- Born: 22 July 1892 Throcking, Hertfordshire, England
- Died: 7 August 1986 (aged 94) Petersfield, Hampshire, England
- Allegiance: United Kingdom
- Branch: British Army
- Service years: 1911–1945
- Rank: Major-General
- Service number: 4767
- Unit: Royal Artillery
- Commands: South Midlands District (1942–45)
- Conflicts: First World War Second World War
- Awards: Commander of the Order of the British Empire Distinguished Service Order Military Cross Mentioned in Despatches Order of the Crown of Italy
- Other work: Deputy lieutenant for West Sussex

= Leonard Arthur Hawes =

20th century British military officer

Major-General Leonard Arthur Hawes, (22 July 1892 − 7 August 1986) was a senior officer in the British Army who was responsible for preparing the transport to France of the British Expeditionary Force at the outbreak of the Second World War.

==Early life==
Leonard Arthur Hawes was born on 22 July 1892 in Throcking, Hertfordshire. He was educated at Bedford Modern School and the Royal Military Academy, Woolwich, from where he was commissioned into the Royal Garrison Artillery in December 1911.

==Military career==
Hawes served in the First World War during which he was wounded, mentioned in despatches, and awarded the Distinguished Service Order, the Military Cross and the Order of the Crown of Italy. In May 1915 he was appointed as a staff captain. In October 1919 he relinquished his appointment of a Deputy Assistant Adjutant General and was again made a staff captain.

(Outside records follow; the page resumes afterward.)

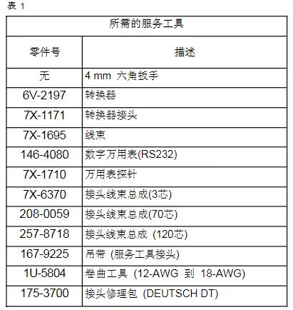 卡特电气服务工具被设计用来帮助服务工程师完成以下任务:• 获得信息• 分析系统• 系统校准• 系统设置• 数据链路通讯所需的服务工具表1列出的工具是服务工程师完成本手册上的测试程序所需要的。
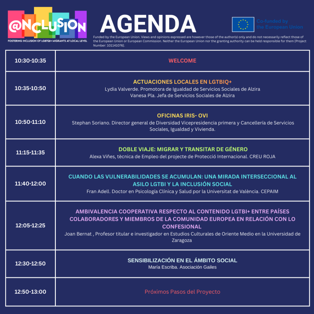 L’Ajuntament d´Alzira va celebrar dimecres l’esdeveniment Nacional Online del projecte europeu @nclusion, una jornada centrada en la inclusió de les persones LGBTIQ+ migrants i refugiades a nivell local, que ha reunit a administracions públiques, entitats socials, universitat i professionals especialitzats de diferents punts del territori. La trobada, desenvolupada en format online, ha servit com a espai de reflexió, intercanvi de bones pràctiques i diàleg al voltant dels reptes principals que afronten les persones LGBTIQ+ migrants en els processos d’acollida, protecció internacional i inclusió social. Durant la jornada s’abordaren qüestions clau com el desenvolupament de polítiques públiques inclusives des de l’àmbit autonòmic i municipal, la importància dels serveis d’acompanyament jurídic, psicològic i social per a persones LGBTIQ+ migrants i refugiades, les dificultats d’accés a l’habitatge, l’ocupació i la regularització administrativa o la necessitat de generar espais segurs i respostes específiques davant de situacions de discriminació múltiple.
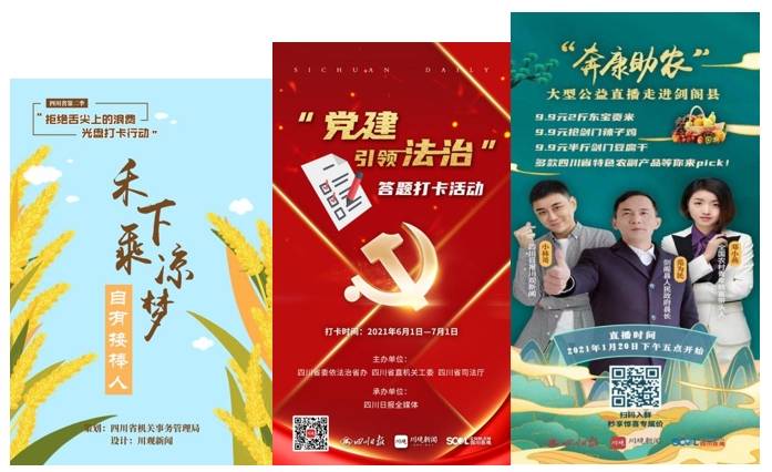 (四川在线“第二季‘拒绝舌尖上的浪费光盘打卡行动’”“党建引领法治答题打卡活动”“奔康助农”海报)
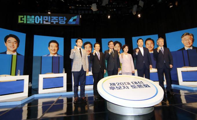 ▲ 더불어민주당 대선 경선 후보들이 지난 7일 대구 수성구 TBC에서 열린 제20대 대통령선거 경선 후보 토론회에 앞서 기념촬영을 하고 있다. 왼쪽부터 박용진, 정세균, 이낙연, 추미애, 김두관, 이재명 후보. [뉴시스]
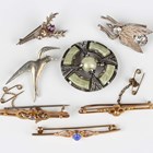 A gold bar brooch with a pierced quatrefoil motif to the centre, indistinct mark, weight 2.1g, a 9ct gold and blue stained agate bar brooch, a gold, seed pearl and pale mauve gem set bar brooch, detailed ‘9ct’, total weight 5g, and four further brooches.
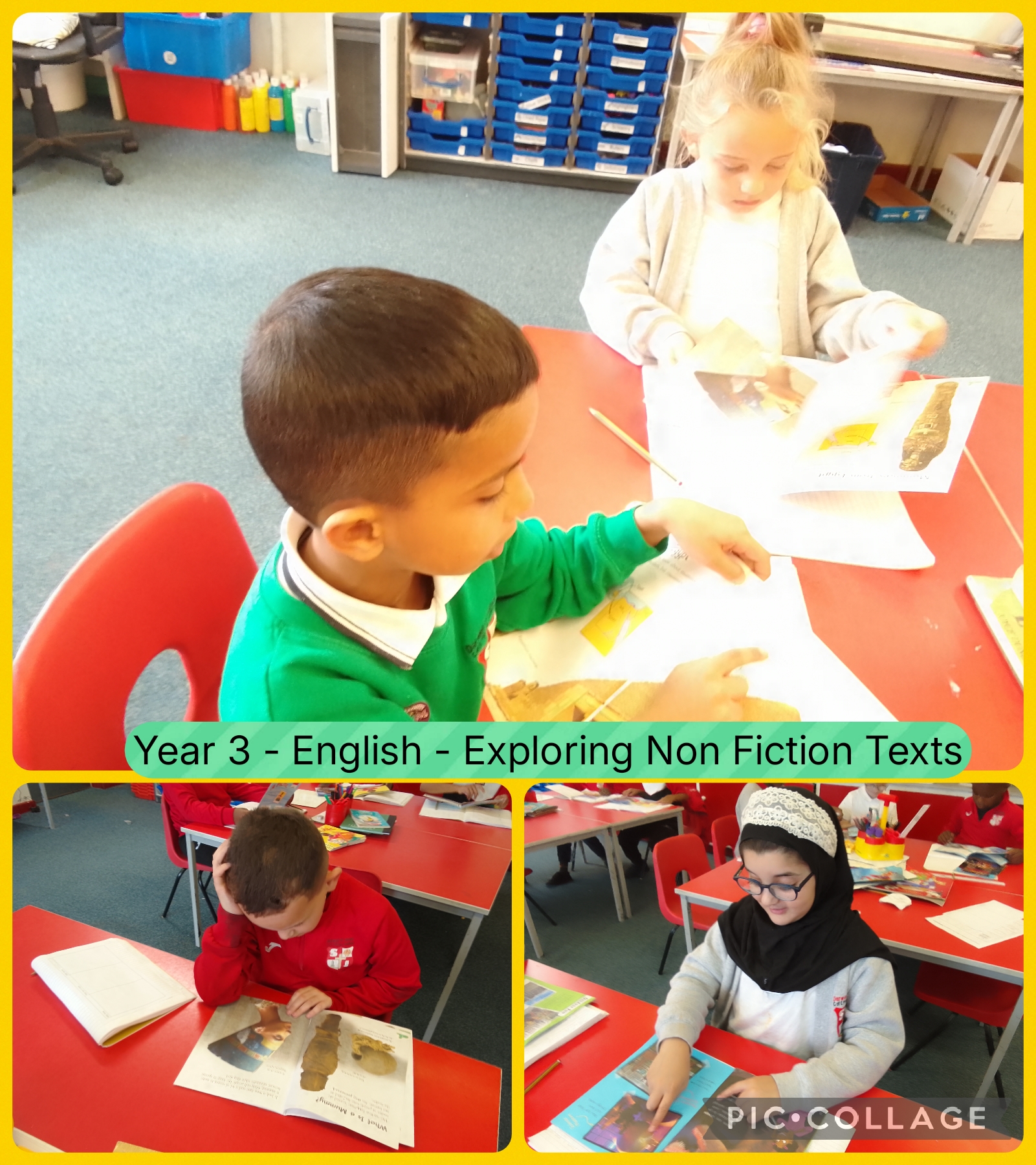 Our Year 3 students delved into the fascinating world of non-fiction this week . They explored a wide variety of informative texts, learning how to identify key features such as headings, diagrams, captions, and indexes.
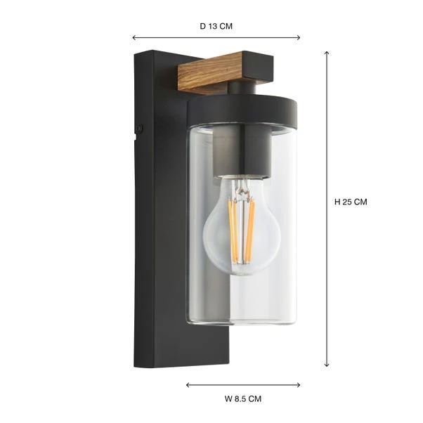 This fixture is designed to enhance both indoor and outdoor spaces, providing a cohesive lighting experience throughout your home. The matte black finish with a dark wood effect fitting exudes modern sophistication, while the clear glass shade adds a touch of elegance. Coordinate your lighting style seamlessly with matching family items, available to purchase separately.
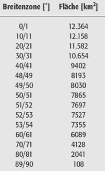 Gradfeld (Tab.):Gradfeld (Tab.): Fläche eines Gradfeldes in Quadratkilometern.
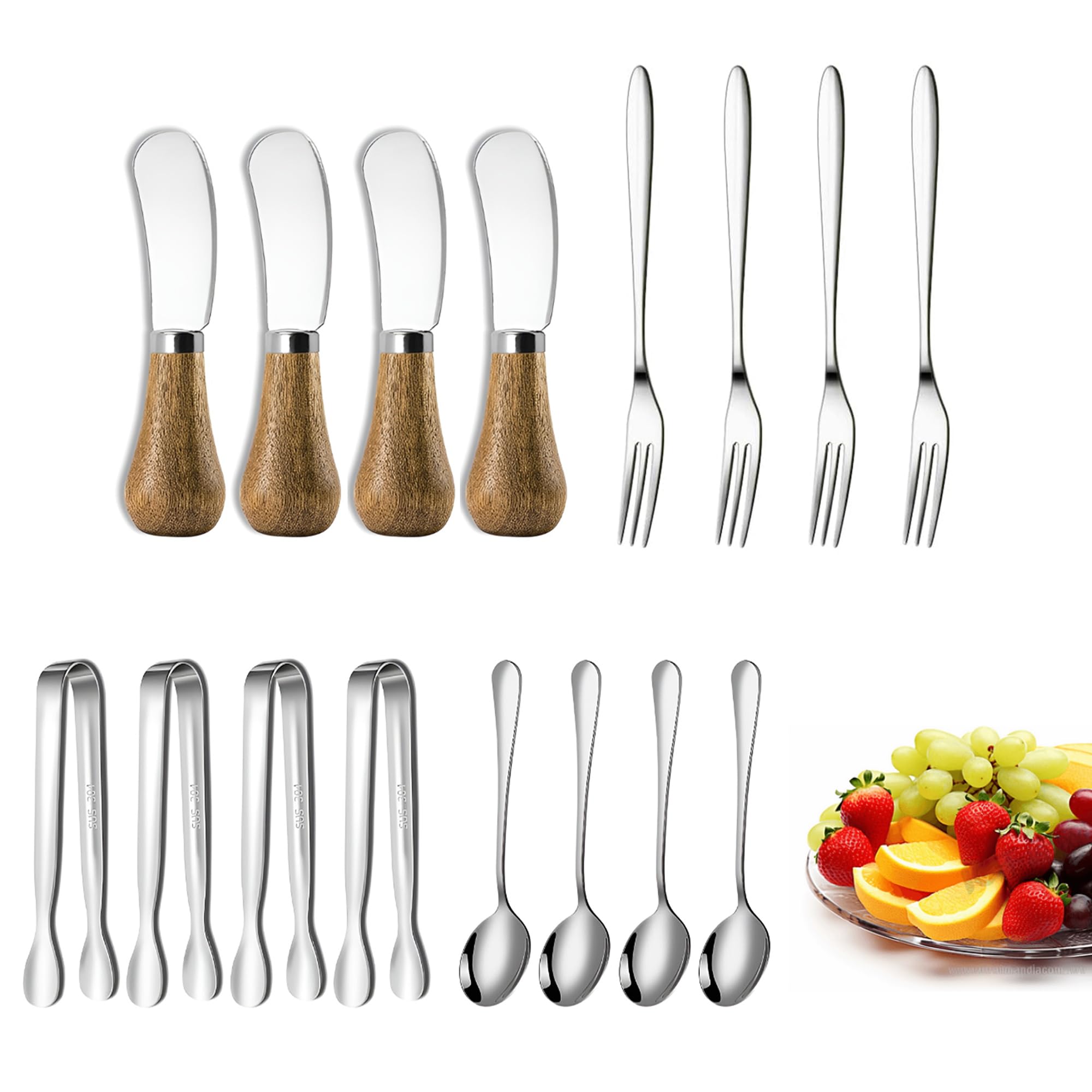 Zazolyne Juego de 16 cuchillos esparcidores de mantequilla de queso, tableros de charcutería, utensilios, mini cucharas y tenedore
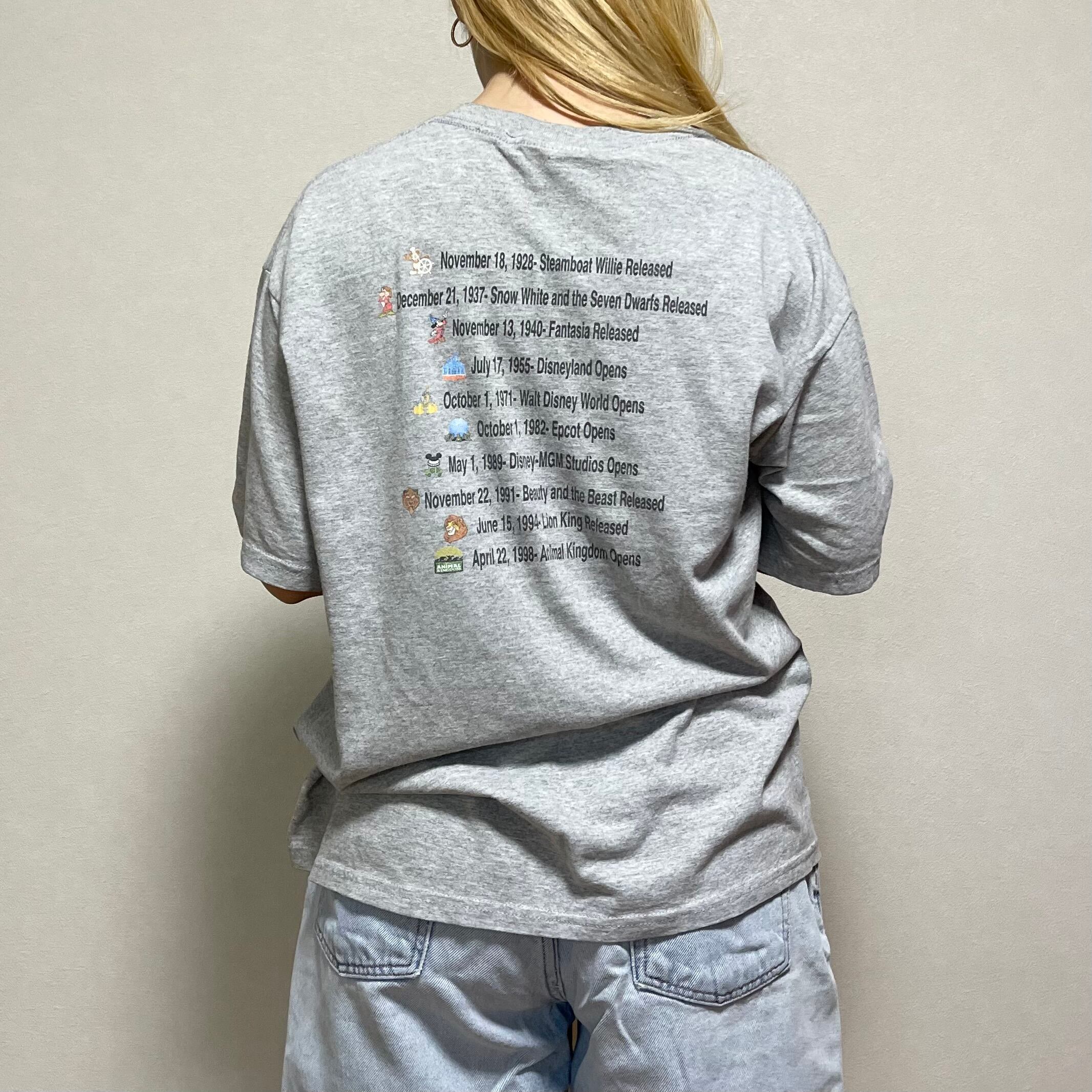 00's Walt Disney World プリントT ディズニー 古着 100 years of magic. フェード グレー M
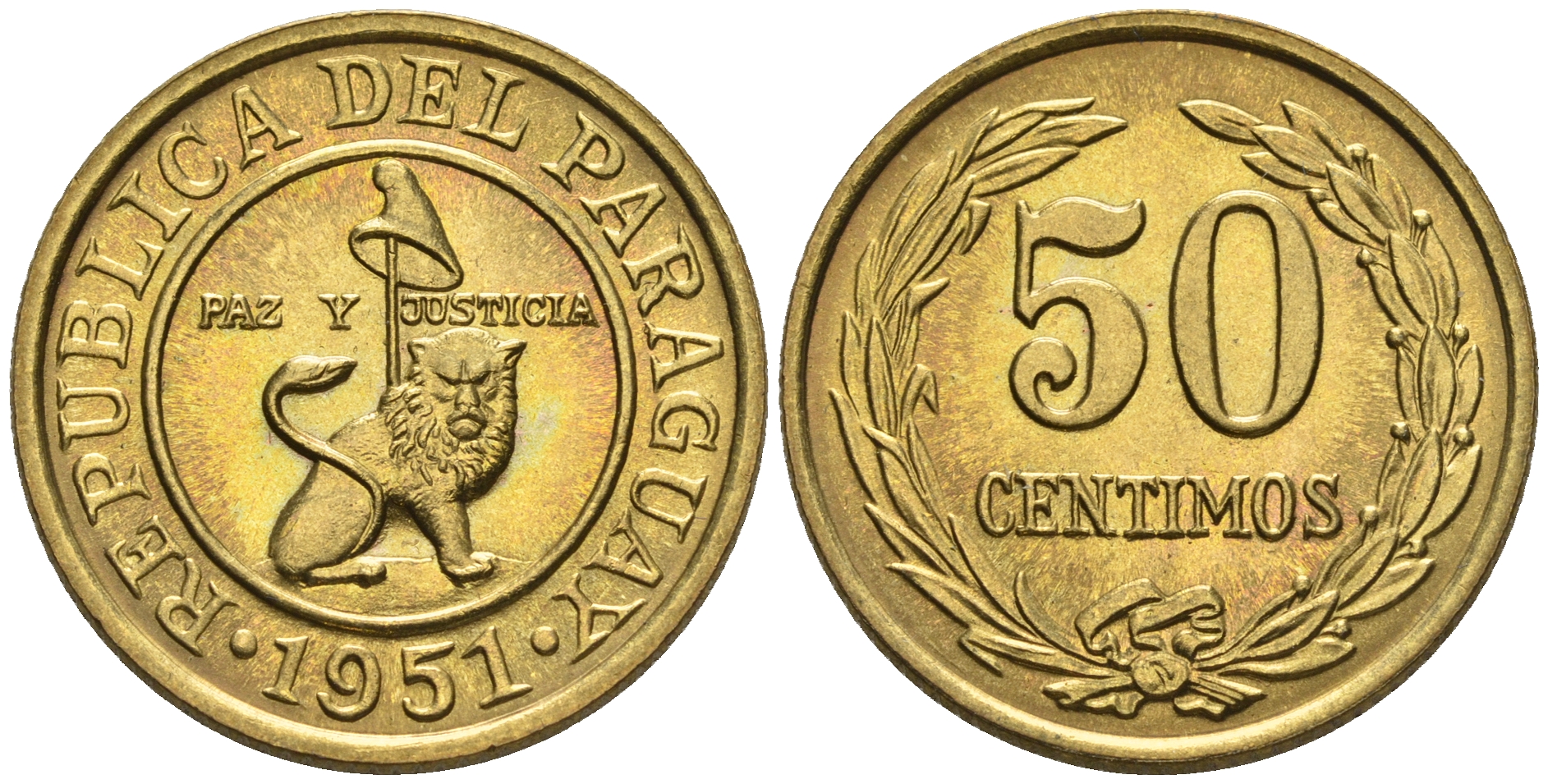 Парагвай 50 сентимо 1951 лев, фригийский колпак на шесте KM 24 алюминиевая бронза aUNC 4177-612

Attending the Staff College, Camberley, from 1925 to 1926, Hawes was promoted to colonel in June 1938, with seniority backdated to January 1936, and appointed a GSO1 at the War Office.

He served as a major general during the Second World War. He was appointed a Commander of the Order of British Empire in 1940, and retired from the army in August 1945 with the honorary rank of major general.

Hawes was made a deputy lieutenant for the county of West Sussex in 1977, where he died on 7 August 1986, at the age of 94. His private papers, including an unpublished autobiography, are held by the Imperial War Museum.